Department of Biomedical Engineering, Kyung Hee University, Yongin, Republic of Korea.
Department of Computer Science and Engineering, Soonchunhyang University, Asan, Republic of Korea.
Sci Rep. 2022 May 3;12(1):7141. doi: 10.1038/s41598-022-11265-x.
Photoplethysmography imaging (PPGI) sensors have attracted a significant amount of attention as they enable the remote monitoring of heart rates (HRs) and thus do not require any additional devices to be worn on fingers or wrists. In this study, we mounted PPGI sensors on a robot for active and autonomous HR (R-AAH) estimation. We proposed an algorithm that provides accurate HR estimation, which can be performed in real time using vision and robot manipulation algorithms. By simplifying the extraction of facial skin images using saturation (S) values in the HSV color space, and selecting pixels based on the most frequent S value within the face image, we achieved a reliable HR assessment. The results of the proposed algorithm using the R-AAH method were evaluated by rigorous comparison with the results of existing algorithms on the UBFC-RPPG dataset (n = 42). The proposed algorithm yielded an average absolute error (AAE) of 0.71 beats per minute (bpm). The developed algorithm is simple, with a processing time of less than 1 s (275 ms for an 8-s window). The algorithm was further validated on our own dataset (BAMI-RPPG dataset [n = 14]) with an AAE of 0.82 bpm.

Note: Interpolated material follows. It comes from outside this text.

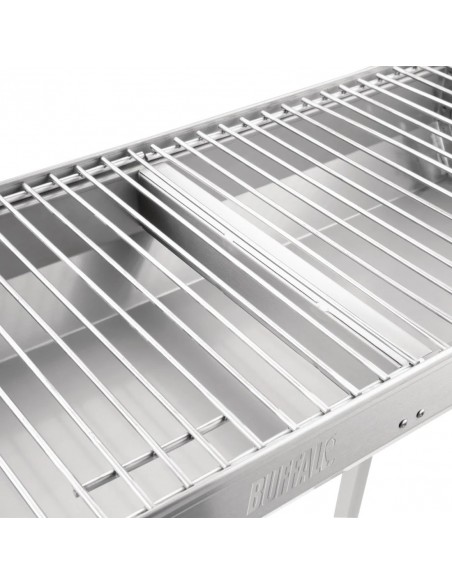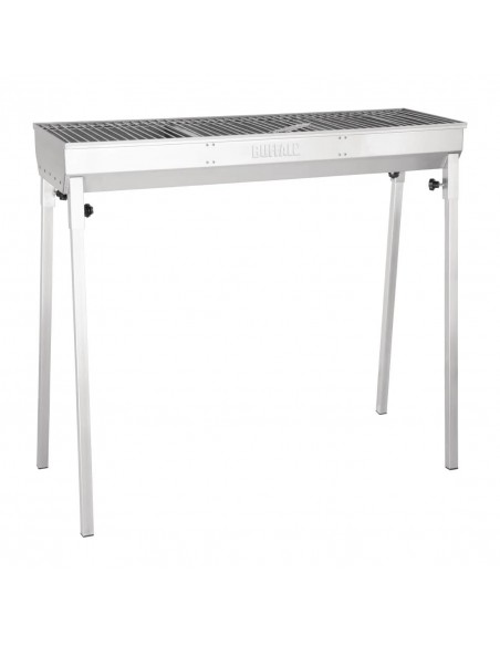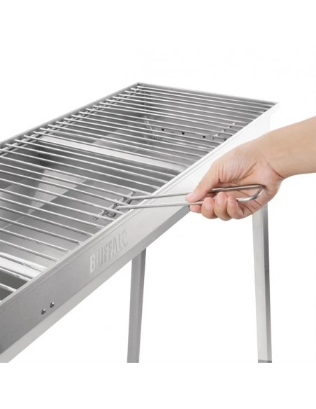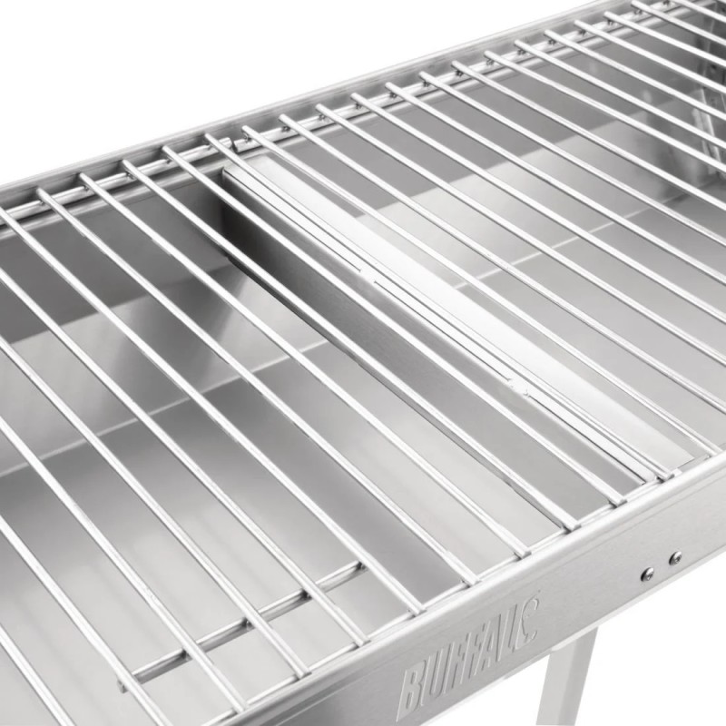 Strong, durable and stylish, the Buffalo charcoal barbecue is the perfect outdoor solution for producing distinctively smoky BBQ flavours when grilling favourites like burgers, chicken and skewers. With the large cooking area, there's plenty of space to cook for a wide variety of tastes and dietary requirements. And once service is over, the barbecue is simple to disassemble and transport too, making the Buffalo BBQ a fantastic solution for mobile, event or home catering. Easy to use, clean and maintain.

光电容积脉搏波成像(PPGI)传感器因其能够远程监测心率(HRs)而受到广泛关注,因此不需要在手指或手腕上佩戴任何额外的设备。在这项研究中,我们在机器人上安装了 PPGI 传感器,用于主动和自主 HR(R-AAH)估计。我们提出了一种算法,可以提供准确的 HR 估计,该算法可以使用视觉和机器人操作算法实时执行。通过简化 HSV 颜色空间中饱和度(S)值对面部皮肤图像的提取,并根据面部图像中最常见的 S 值选择像素,我们实现了可靠的 HR 评估。通过与 UBFC-RPPG 数据集(n=42)上现有算法的结果进行严格比较,评估了使用 R-AAH 方法的建议算法的结果。所提出的算法的平均绝对误差(AAE)为 0.71 次/分钟(bpm)。所开发的算法简单,处理时间小于 1 秒(8 秒窗口为 275 毫秒)。该算法在我们自己的数据集(BAMI-RPPG 数据集[n=14])上进一步得到验证,AAE 为 0.82 bpm。